4 décembre 2024·Deutsch·Bâle-Campagne·Kantonsgericht Abteilung Sozialversicherungsrecht·PDF·1,089 mots·~5 min·8

Résumé

Rente; übereinstimmende Parteianträge

Texte intégral

Entscheid des Kantonsgerichts Basel-Landschaft, Abteilung Sozialversicherungsrecht

vom 4. Dezember 2024 (720 24 284)

____________________________________________________________________

Invalidenversicherung

Rente; übereinstimmende Parteianträge

Besetzung Präsident Dieter Freiburghaus, Gerichtsschreiberin Margit Campell

Parteien A.____, Beschwerdeführer, vertreten durch Markus Schmid, Rechtsanwalt, Lange Gasse 90, 4052 Basel

gegen

IV-Stelle Basel-Landschaft, Hauptstrasse 109, 4102 Binningen, Beschwerdegegnerin

Betreff IV-Rente

A. Mit Verfügung vom 21. August 2024 sprach die IV-Stelle Basel-Landschaft (IV-Stelle) dem Versicherten A.____ eine befristete ganze Rente für die Zeit vom 1. April 2019 bis 31. Oktober 2019 zu. B. Dagegen erhob der Versicherte, vertreten durch Advokat Markus Schmid, mit Eingabe vom 23. September 2024 Beschwerde beim Kantonsgericht Basel-Landschaft, Abteilung Sozialversicherungsrecht (Kantonsgericht). Darin beantragte er unter o/e-Kostenfolge, in Aufhebung

Seite 2 http://www.bl.ch/kantonsgericht der angefochtenen Verfügung sei die IV-Stelle zu verpflichten, ihm spätestens ab 1. Januar 2019 bis zum 31. Oktober 2023 eine ganze Rente auszurichten. C. In ihrer Vernehmlassung vom 11. November 2024 beantragte die Beschwerdegegnerin unter Hinweis auf die Stellungnahme des Regionalen Ärztlichen Dienstes vom 16. Oktober 2024 die Gutheissung der Beschwerde. Zur Begründung wurde im Wesentlichen vorgebracht, dass der Beschwerdeführer in formeller Hinsicht zu Recht eine Verletzung des rechtlichen Gehörs geltend gemacht habe. Die lV-Stelle habe sich mit den von ihm im Schreiben vom 27. März 2023 vorgetragenen Einwänden nicht auseinandergesetzt. Ein Blick auf die angefochtene Verfügung ergebe, dass diese betreffend die Behandlung des Einwands nahezu bland sei. Es müsse davon ausgegangen werden, dass die Ausgleichskasse den relevanten Text dazu nicht editiert habe.

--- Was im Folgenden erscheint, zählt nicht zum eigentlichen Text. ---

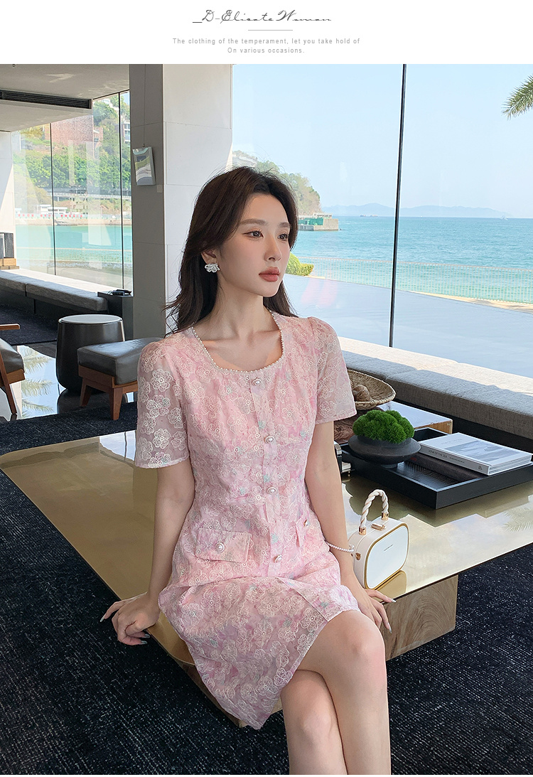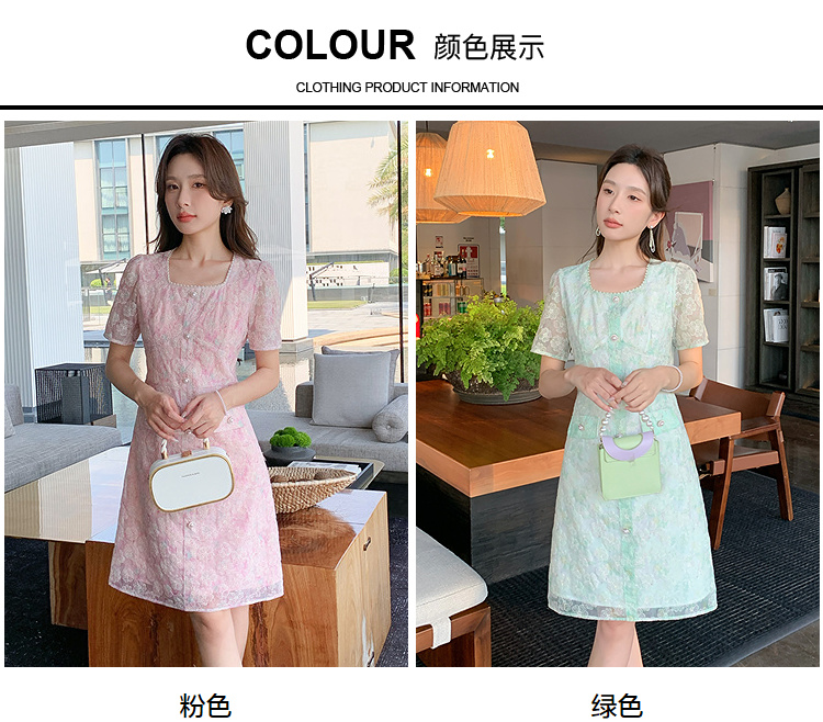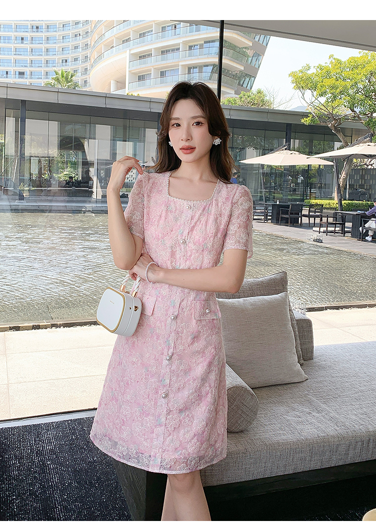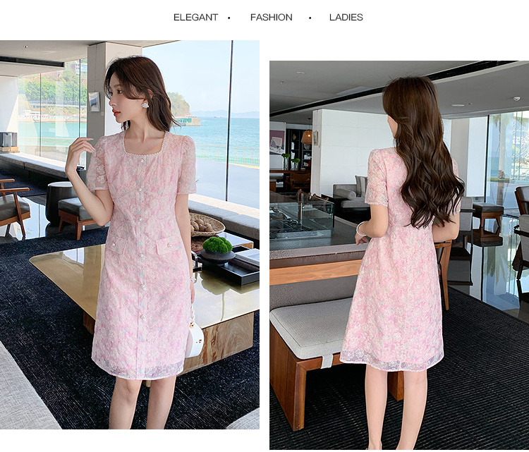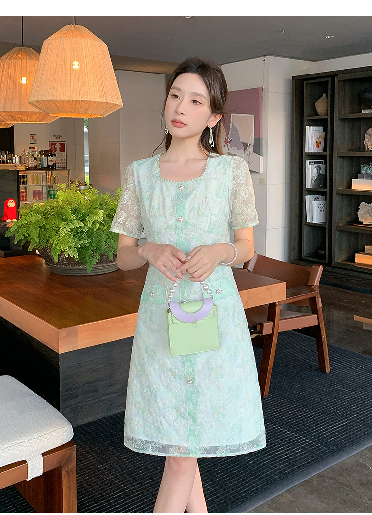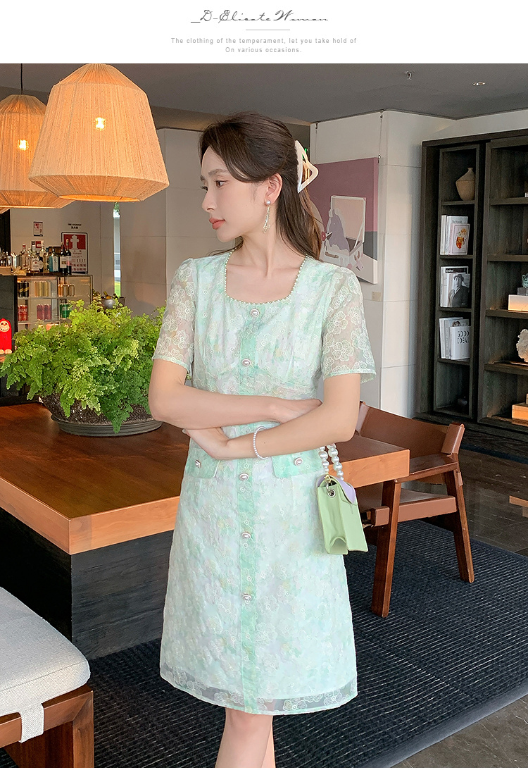 奢姿大码女装2025夏季减龄碎花时尚连衣裙胖妹妹绣花设计方领裙子9952869289
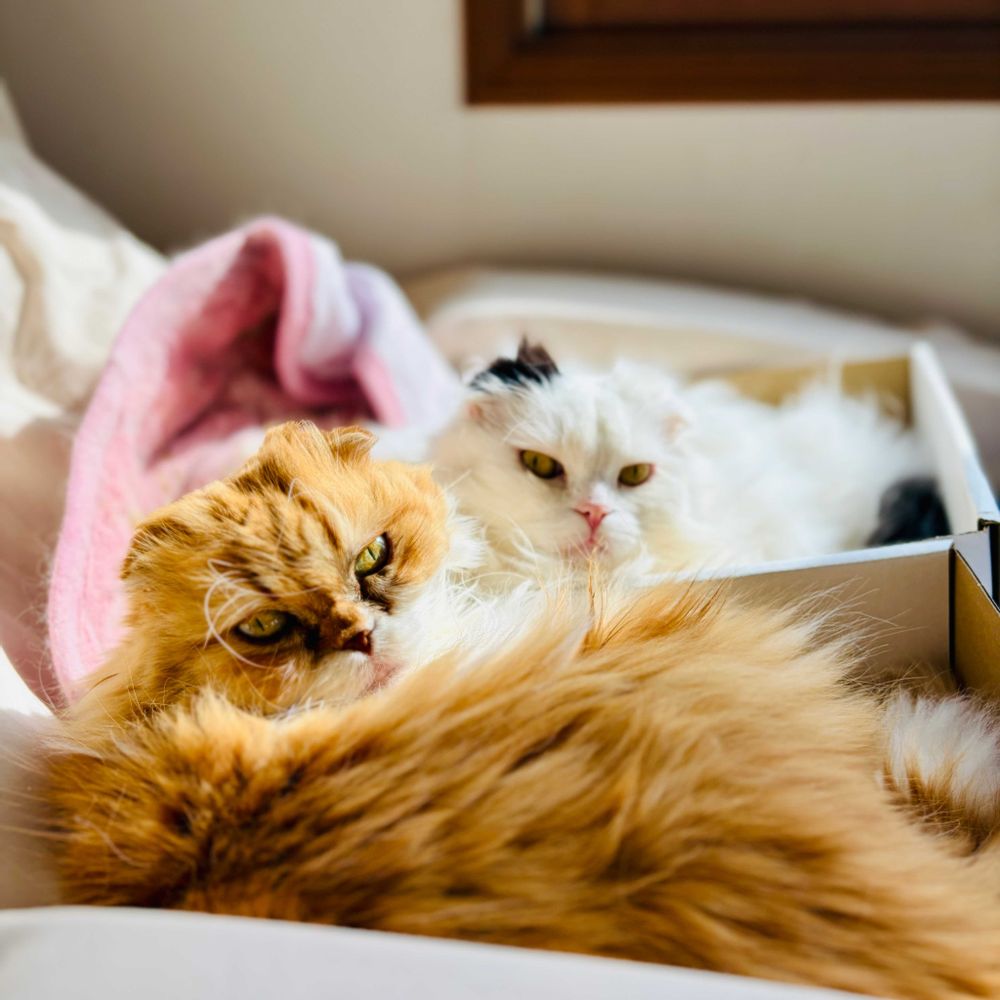 そして、ご実家のシュシュちゃんとフクちゃん😺😺仲良しさんでくっついて可愛いいですね❤

Der diesbezügliche formelle Mangel sei damit offensichtlich. Der Beschwerdeführer habe zudem in materieller Hinsicht geltend gemacht, dass er im Zeitpunkt der medizinischen Begutachtung im Juli 2020 bereits 62 Jahre alt gewesen sei und es ihm deshalb nicht mehr habe zugemutet werden können, eine unselbständige Erwerbstätigkeit aufzunehmen. Aus diesem Grund bestehe ab diesem Zeitpunkt ein Anspruch auf eine ganze Rente. Auch unter der Fiktion eines ausgeglichenen Arbeitsmarkts sei es nicht vertretbar, davon auszugehen, dass ein 62-jähriger Versicherter mit erheblichen gesundheitlichen Einschränkungen, welche sich auch auf die Verwertbarkeit der Arbeitsfähigkeit in einer Verweistätigkeit limitierend auswirken würden, auf dem ersten Arbeitsmarkt noch eine Stelle finden könne. Die Anrechnung eines entsprechenden Invalideneinkommens gestützt auf einen Tabellenlohn sei daher unzulässig und es sei ihm ab Januar 2019 durchgehend bis zum Erreichen des AHV-Alters im Oktober 2023 eine ganze Rente auszurichten. Auch dieser Argumentation des Beschwerdeführers – so die IV-Stelle weiter – sei zu folgen und von einer Anrechnung eines lnvalidenlohns ab Januar 2019 abzusehen. D. Zum Antrag der IV-Stelle auf Gutheissung der Beschwerde und Ausrichtung einer ganzen Rente ab Januar 2019 liess sich der Beschwerdeführer mit Eingabe vom 20. November 2024 vernehmen. Er hielt fest, dass damit seinem Rechtsbegehren in der Beschwerde vom 23. September 2024 entsprochen werde.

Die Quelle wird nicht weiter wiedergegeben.